-- WHAT THE TASK ASKS --
From the material below, copy exactly the lines beginning with the one that contains "置换方案显示,河南省湖波灵威" and ending with the one that contains "يوضع البسكويت فوق"; the pictures stay out.

-- MATERIAL TO PROCESS --
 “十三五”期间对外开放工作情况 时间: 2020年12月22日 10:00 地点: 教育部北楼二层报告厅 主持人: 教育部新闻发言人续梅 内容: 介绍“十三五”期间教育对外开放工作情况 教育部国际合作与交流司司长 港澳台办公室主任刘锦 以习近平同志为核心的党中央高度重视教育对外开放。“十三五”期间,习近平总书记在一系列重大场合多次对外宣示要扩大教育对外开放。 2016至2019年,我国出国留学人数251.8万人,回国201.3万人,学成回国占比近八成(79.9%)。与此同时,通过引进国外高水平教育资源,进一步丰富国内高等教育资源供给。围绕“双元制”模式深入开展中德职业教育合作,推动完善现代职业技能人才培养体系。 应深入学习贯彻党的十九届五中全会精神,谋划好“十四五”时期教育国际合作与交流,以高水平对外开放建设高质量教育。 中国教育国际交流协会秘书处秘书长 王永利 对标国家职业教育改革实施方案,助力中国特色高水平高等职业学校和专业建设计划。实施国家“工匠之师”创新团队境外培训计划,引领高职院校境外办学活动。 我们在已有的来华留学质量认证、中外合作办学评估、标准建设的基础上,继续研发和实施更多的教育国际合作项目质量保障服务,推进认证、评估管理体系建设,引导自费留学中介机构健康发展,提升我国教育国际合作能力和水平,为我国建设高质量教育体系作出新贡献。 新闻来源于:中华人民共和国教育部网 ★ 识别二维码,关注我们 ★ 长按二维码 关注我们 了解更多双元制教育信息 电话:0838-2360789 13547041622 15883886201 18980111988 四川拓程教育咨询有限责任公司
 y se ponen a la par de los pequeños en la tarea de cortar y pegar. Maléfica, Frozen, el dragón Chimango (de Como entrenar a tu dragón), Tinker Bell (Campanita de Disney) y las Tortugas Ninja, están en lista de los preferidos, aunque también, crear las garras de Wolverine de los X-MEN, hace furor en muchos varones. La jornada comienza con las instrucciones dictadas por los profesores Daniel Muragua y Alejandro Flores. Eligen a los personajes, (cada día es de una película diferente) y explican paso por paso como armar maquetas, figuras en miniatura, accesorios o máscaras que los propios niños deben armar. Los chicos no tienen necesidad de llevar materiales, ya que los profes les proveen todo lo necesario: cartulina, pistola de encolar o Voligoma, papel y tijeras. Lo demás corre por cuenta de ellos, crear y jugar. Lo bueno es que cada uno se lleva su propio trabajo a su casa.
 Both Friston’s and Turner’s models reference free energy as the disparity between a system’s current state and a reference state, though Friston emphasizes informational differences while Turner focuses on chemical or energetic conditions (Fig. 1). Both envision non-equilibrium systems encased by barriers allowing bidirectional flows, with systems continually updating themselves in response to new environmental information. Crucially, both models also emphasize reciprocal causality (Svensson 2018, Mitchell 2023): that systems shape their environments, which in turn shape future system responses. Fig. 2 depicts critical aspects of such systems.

* * *

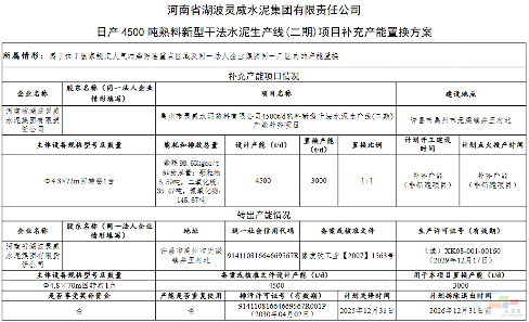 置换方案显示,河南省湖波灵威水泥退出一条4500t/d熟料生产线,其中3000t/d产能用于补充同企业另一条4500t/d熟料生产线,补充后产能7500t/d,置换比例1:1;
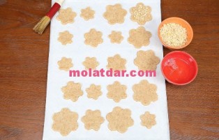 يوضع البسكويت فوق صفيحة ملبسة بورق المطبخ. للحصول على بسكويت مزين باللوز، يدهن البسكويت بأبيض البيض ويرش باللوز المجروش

-- ANSWER SPACE --
 置换方案显示,河南省湖波灵威水泥退出一条4500t/d熟料生产线,其中3000t/d产能用于补充同企业另一条4500t/d熟料生产线,补充后产能7500t/d,置换比例1:1;
 يوضع البسكويت فوق صفيحة ملبسة بورق المطبخ. للحصول على بسكويت مزين باللوز، يدهن البسكويت بأبيض البيض ويرش باللوز المجروش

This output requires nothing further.